Model line-up (May 2026): GPT-5.5 (April 23, 2026, "Spud"), GPT-5.5 Pro (parallel test-time compute on same base), GPT-5.5 Thinking (for Plus/Pro/Business/Enterprise), GPT-5.5 Instant (May 5, 2026 default ChatGPT model), and the GPT-5 base family still serving via the router.

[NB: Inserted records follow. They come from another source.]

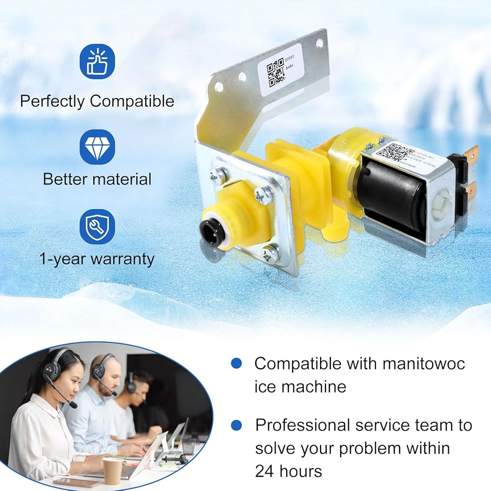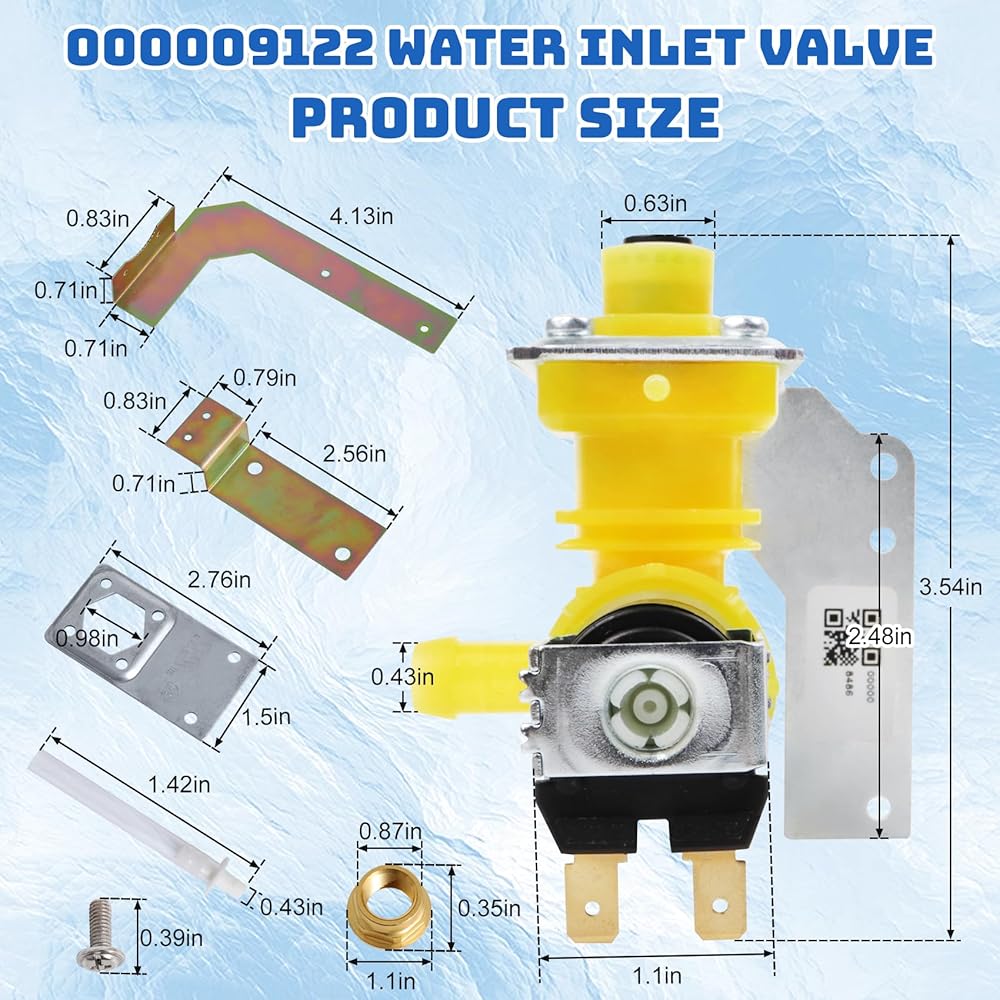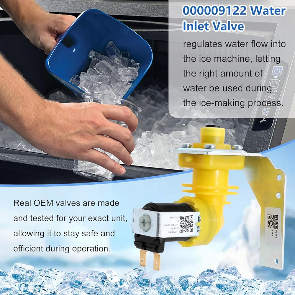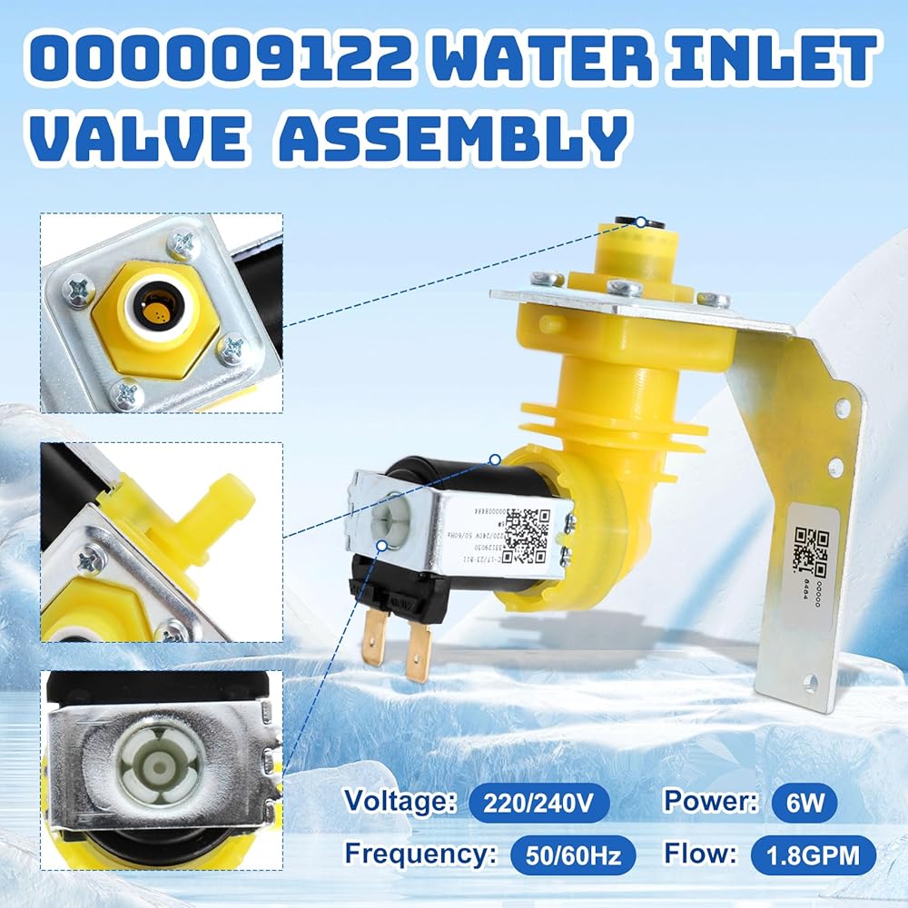 مواصفات الطاقة: 000009122 000008484 يعمل صمام المياه لآلة صنع الثلج على 220/240 فولت 50/60 هرتز 6 وات ويبلغ معدل تدفقه 1.8 جالون في الدقيقة (GPM). تم تصنيع واختبار صمام مدخل المياه 000009122 خصيصًا لوحدتك الخاصة، مما يضمن السلامة والكفاءة أثناء التشغيل.
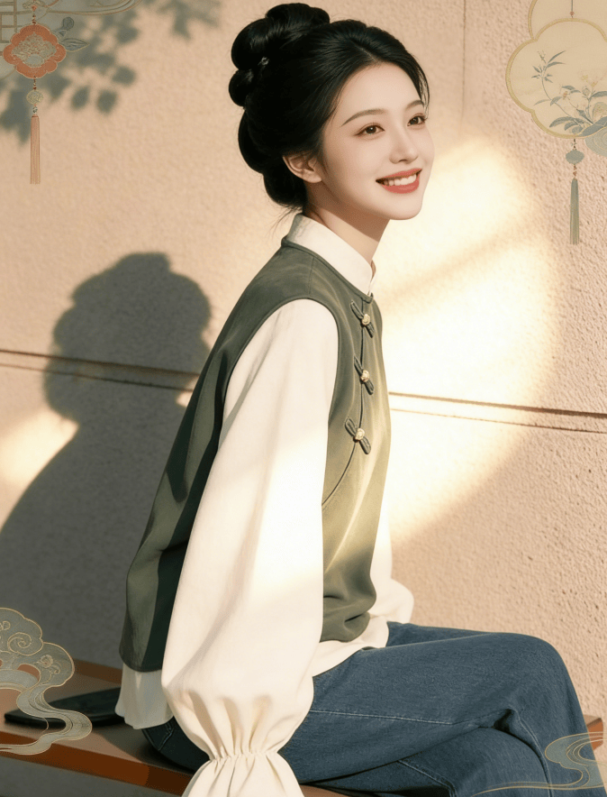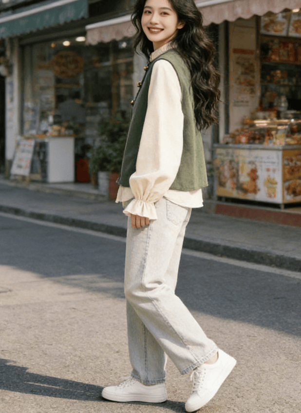 想要更加减龄,可以选择学院风穿法,深蓝色针织马甲叠穿白衬衫,下半身选择九分卷边牛仔裤配褐色乐福鞋,也是妥妥的高级优雅范。
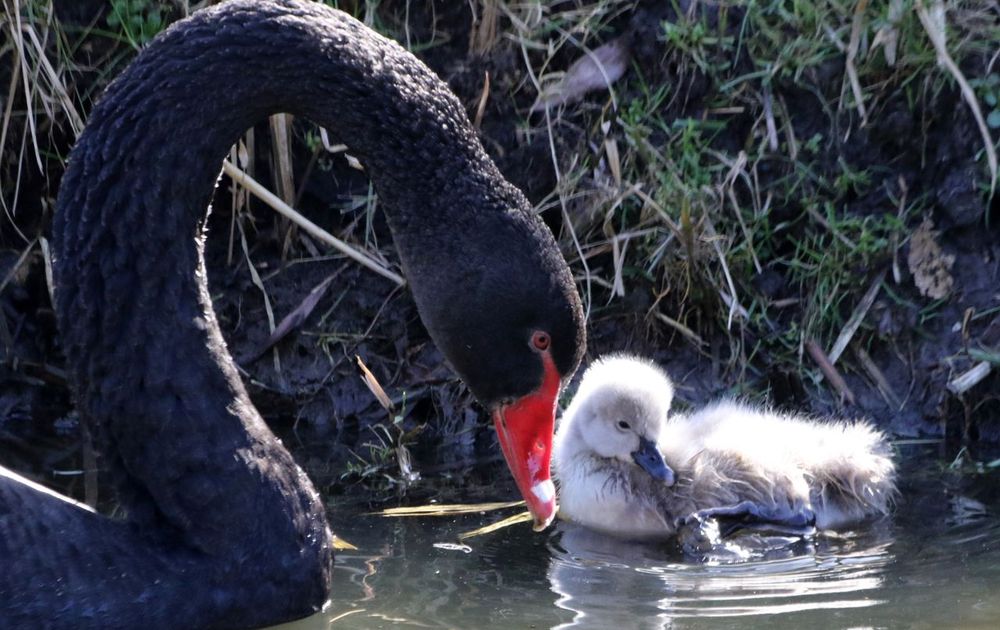 Wat een geluk. Op een mooie zonnige middag kwam ik een koppel prachtige zwarte zwanen tegen met hun jongen. Deze foto vond ik zelf erg schattig geworden.
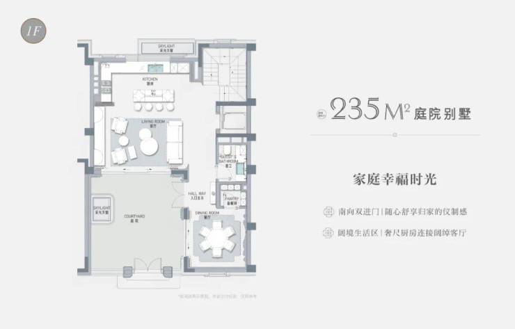 一楼独立客厅、餐厅,彰显世家大族的生活礼序;有天有地的独立庭院,是孩子的游乐场,可以遛狗撒欢,可以莳花弄草,也可以品味春花、秋月、夏风、冬雪。
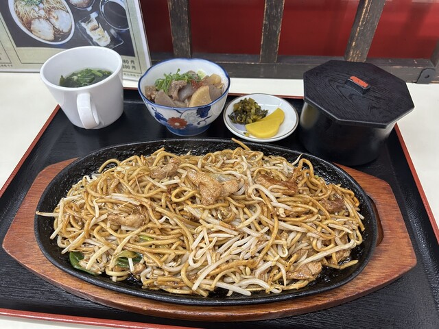大盛り焼きそばを注文熟練であるおばちゃん従業員たちが不手際よく運んできてくれます。サイドメニューのもつ煮込みは、ちょっと好みじゃなかったかなお腹いっぱいになりますよ。カリカリの美味しい焼きそばです

  • Architecture & inference: GPT-5.5 is described as the first fully retrained base model since GPT-4.5 and natively omnimodal (text/image/audio/video in one architecture). The GPT-5-era hybrid router persists: a smart fast model + a deeper "thinking" model + a real-time router decides which to call per prompt. GPT-5.5 Pro applies parallel test-time compute to the same underlying base.
  • Reasoning: Reasoning effort tiers none, low, medium (default), high, xhigh. ARC-AGI-2 jumped from 73.3% (5.4) → 85.0% (5.5). FrontierMath Tier 4 doubled to 35.4% (5.5 Pro: 39.6%). AIME 2025 hits 81.2%. The internal Expert-SWE (20-hr human-equiv coding tasks) at 73.1%.
  • Agentic capabilities: state-of-the-art on Terminal-Bench 2.0 (82.7%), OSWorld-Verified (78.7%), GDPval (84.9%, 44 occupations), Tau2-bench Telecom (98.0% w/o prompt tuning). Codex now ships with Chronicle (screen-derived persistent memory). On SWE-Bench Pro, GPT-5.5 trails Opus 4.7 (58.6% vs 64.3%). OpenAI noted memorization signals in Anthropic's evaluation; treat the gap cautiously.
  • Multimodal: text, images, audio, video natively. MMMU-Pro 76% (up from 69.2% on 5.4). Voice intelligence API received a new set of models on May 7, 2026.
  • Long context: API supports 1M tokens (400K in Codex). Pricing increases to 2× input/1.5× output above 272K input tokens. MRCR v2 at 512K-1M jumped from 36.6% → 74.0%; Graphwalks BFS at 1M from 9.4% → 45.4%. This is the standout architectural delta vs 5.4.
  • Post-training: nearly 200 trusted early-access partners contributed real-use feedback. Strongest safeguards yet, plus targeted bio/cyber red-teaming. Sycophancy down from 14.5% → <6% (carried from GPT-5). GPT-5.5 Instant produced 52.5% fewer hallucinated claims than 5.3 on high-stakes prompts (med/legal/finance).
  • Open vs closed: fully closed. Available via Responses + Chat Completions APIs, Codex, ChatGPT, Azure (no native Microsoft Foundry GPT-5.5 listing yet at the time of writing).
  • Hardware: NVIDIA-dominant infrastructure; ChatGPT testing ads on May 7, 2026 indicates product monetization pressure.
  • Pricing: GPT-5.5 = $5 input / $30 output; GPT-5.5 Pro = $30/$180; Batch/Flex at 0.5×; Priority at 2.5×. Regional (data residency) endpoints carry +10% uplift. Real cost vs 5.4 is ~+20% after token efficiency gains in Codex per Artificial Analysis.
  • Enterprise: Codex + Skills (compatible with Anthropic's Agent Skills standard) + Hosted Shell + Apply-Patch + MCP + Tool Search. Used internally by 85%+ of OpenAI employees weekly. Major weakness for regulated industries: 86% hallucination rate on AA-Omniscience (vs Opus 4.7 at 36%, Gemini 3.1 Pro at 50%) — the model is highly knowledgeable but confidently wrong much more often.
  • Strategic positioning: frontier capability + super-app horizontal play. Greg Brockman framed GPT-5.5 as a step toward an OpenAI "super app." Combined with the Codex Chronicle memory, AI browser in development, and GPT-Image-2, the bet is on a unified ChatGPT surface across knowledge work.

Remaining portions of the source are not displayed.